Ich wünsch' mir gerade meine Sendmail-Zeiten zurück  Nein, im Ernst: Wenn ich zu doof bin oder gar betriebsblind, dann geb ich es gern zu, Hauptsache der Server läuft.

Ich setze jetzt nochmal 7.10 auf und bin für jede Hilfe und jeden Tipp dankbar.


----------



## Till (18. Jan. 2008)

> Leider selbes Problem auch wenn man mal SASL ganz aus dem Spiel lässt.

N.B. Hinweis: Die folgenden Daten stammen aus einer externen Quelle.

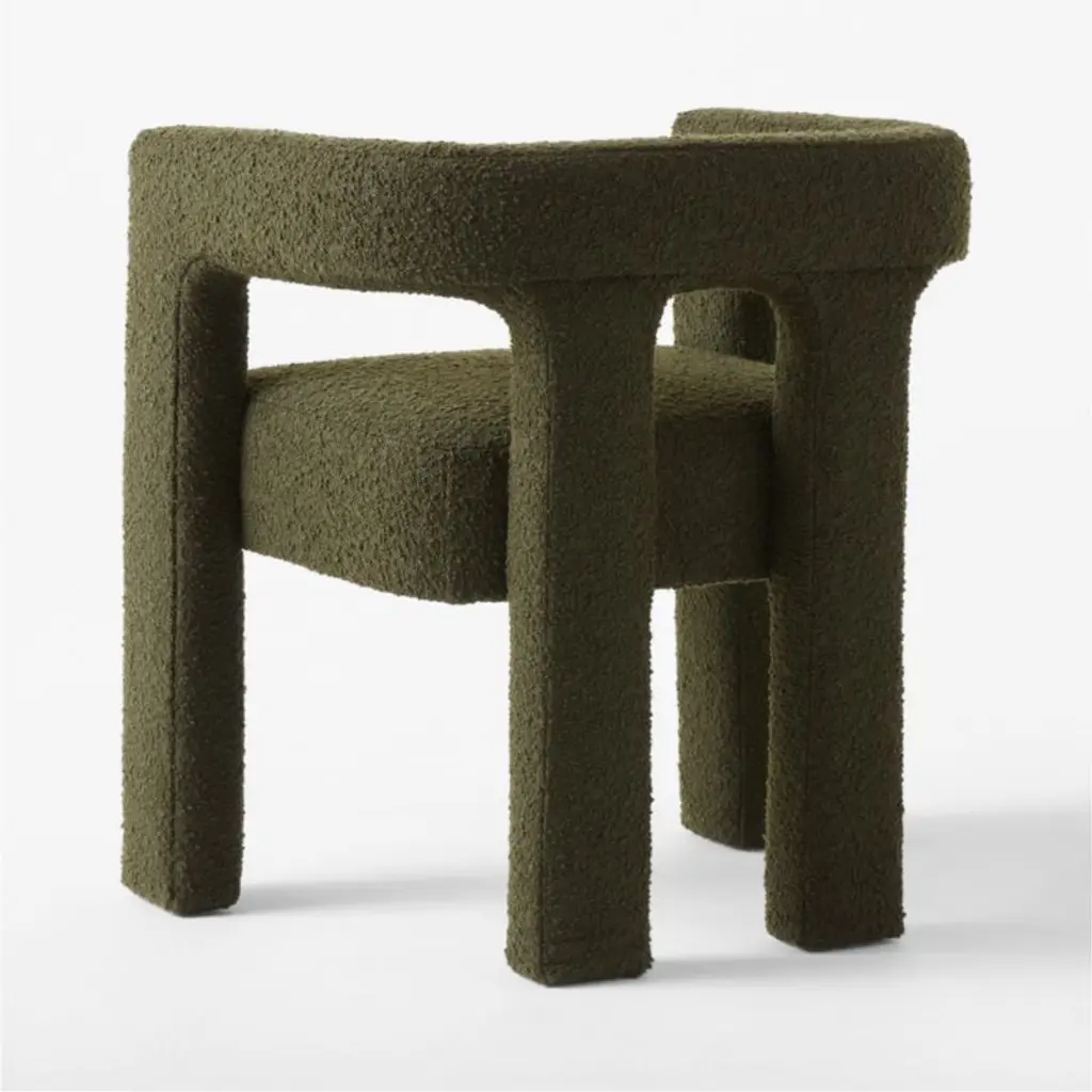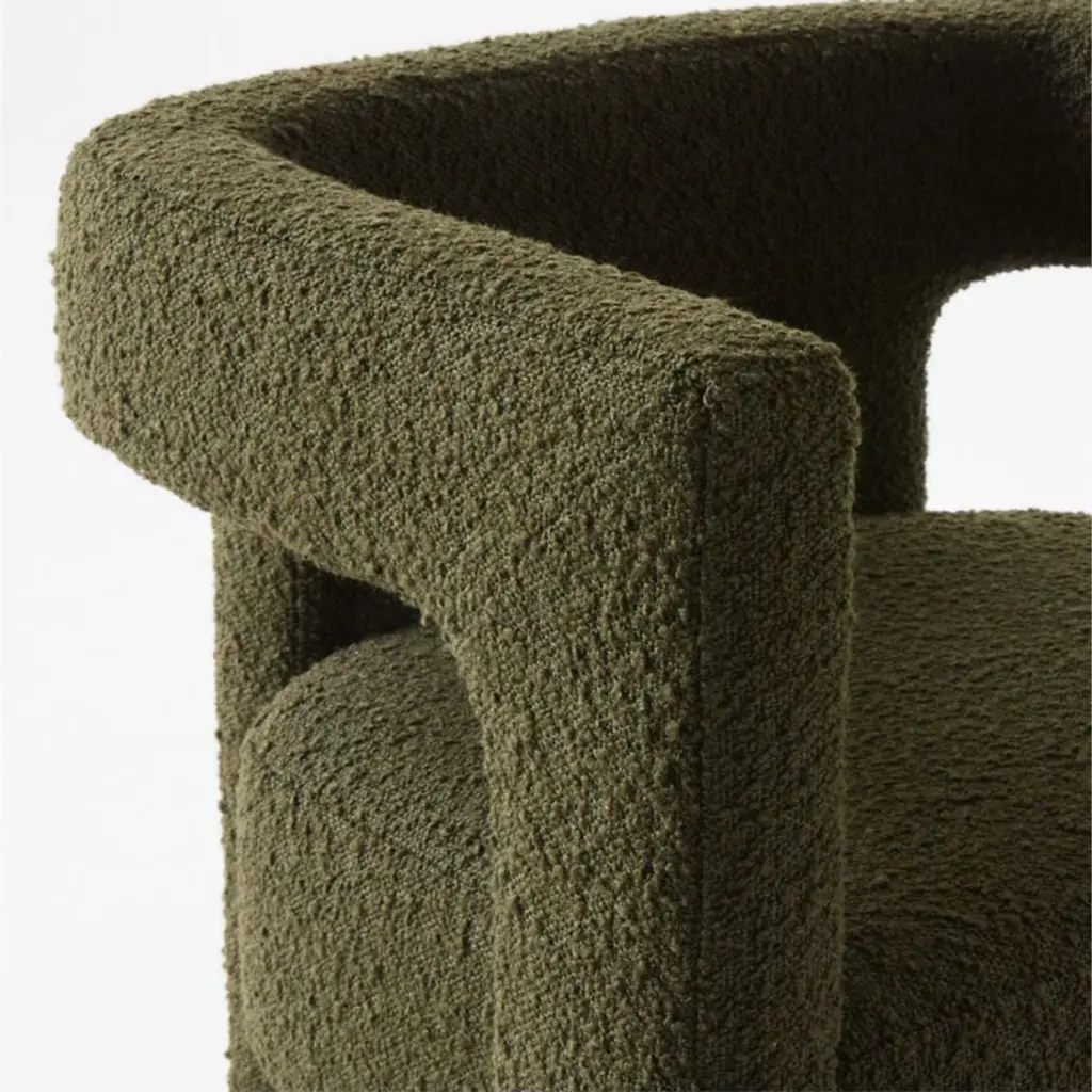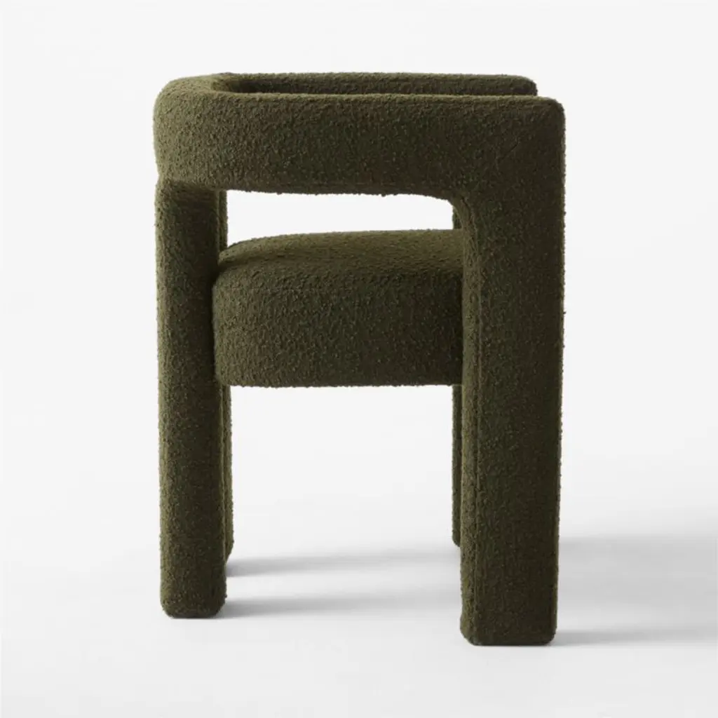 Green boucle dining armchair by Caleb Zipperer brings lounge to the table. Architectural in profile and plush all around, floating seat sits deep with a rounded cutout back for extra comfort. CB2 exclusive.

Die gleiche Fehlermeldung selbst ohne sasl? Das ist an sich nicht möglich, da´Postfix nicht mit SAS interagiert, wenn Du ihn nicht entsprechend konfiguriert hast.

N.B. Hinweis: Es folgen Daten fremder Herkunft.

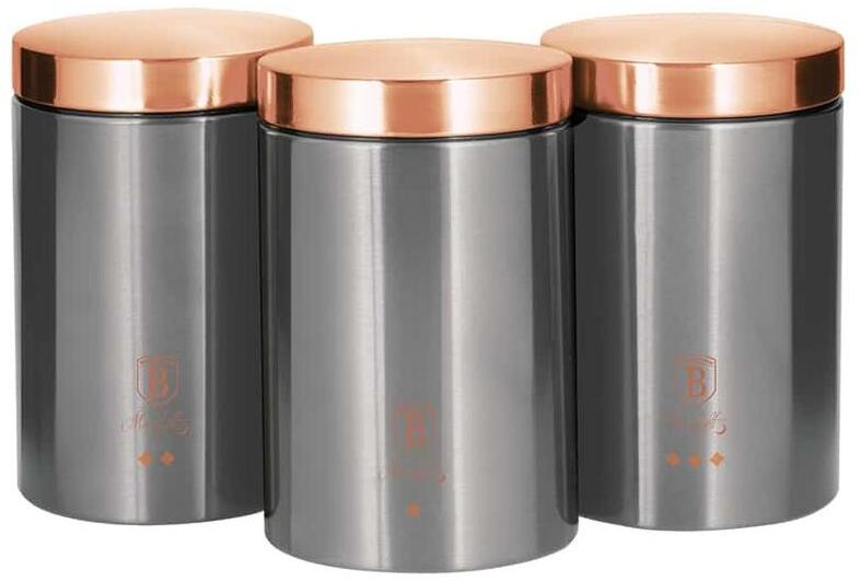 Leírás Anyaga: rozsdamentes acél A szett tartalma: Cukor tartó: 11*17,8 cm Tea tartó: 11*17,8 cm Kávé tartó: 11*17,8 cm Színe: szürke- rose goldTermék részletekA Moonlight Collection egy elegáns és modern tárolókészlet, amely stílusosan illeszkedik a modern konyhákba. A rozsdamentes acélból készült szett tartalma három részből áll, egy cukor tartóból, egy tea tartóbó

Ich installiere exact nach den Howtos täglich Server und im Howto fehlt definitiv nichts, es kann aber immer sein, dass ein Hoster selbst Änderungen am Linux System vorgenommen hat, die man erst rückgängig machen müsste. Neuinstallieren des Betriebssystems hilft da aber recht wenig, da muss man wohl alle SASL Konfigurationsdateien durchgehen. Du solltest auch immer das Minimal Imgae nehem und kein LAMP image, wenn der Hoster es anbietet.

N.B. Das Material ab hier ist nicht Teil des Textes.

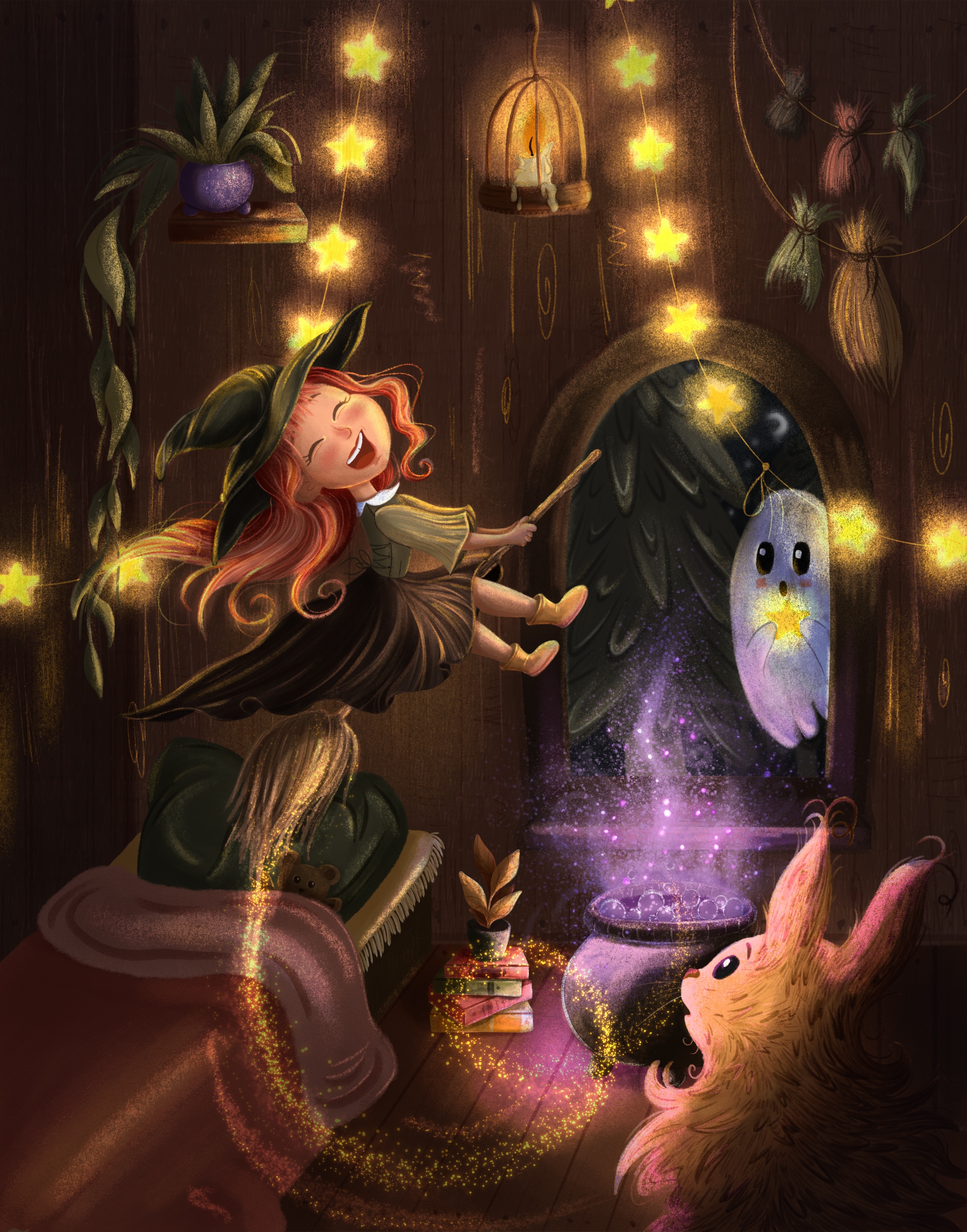 Иллюстрация сюжета, где девочка-ведьмочка с озорным весельем летает по своей комнате, а её друзья кот и призрак удивляются глядя на неё

Letztens habe ich ISPConfig auf einem Hetzner Debian System installiert (minimal image) und da lief es astrein.


----------



## mathias172 (18. Jan. 2008)

Hallo Till und danke für Deine Bemühungen.

Ich installiere genau nach eben diesem Image, das Ubuntu 7.10 Minimal 64 Bit von Hetzner.

Ich gebe zu, dass bislang nur mit sendmail gearbeitet habe und bei Postfix ein wenig außen vor bin. Hast Du vielleicht eine main.cf zur Hand, die bei Dir läuft?

Ich kann nach einer weiteren Neuinstallation per Webmailer einloggen und Mails verschicken. Per Mailclient kann ich keine Mails senden und auch der Server akzeptiert keine ankommenden Mails. Ein allgemeines Postfix-Problem also. "Relayin denied". mynetworks steht auf 127.0.0.1/8, sollte ich dort suchen?

Gruß,
Mathias


----------



## Till (18. Jan. 2008)

> "Relayin denied". mynetworks steht auf 127.0.0.1/8, sollte ich dort suchen?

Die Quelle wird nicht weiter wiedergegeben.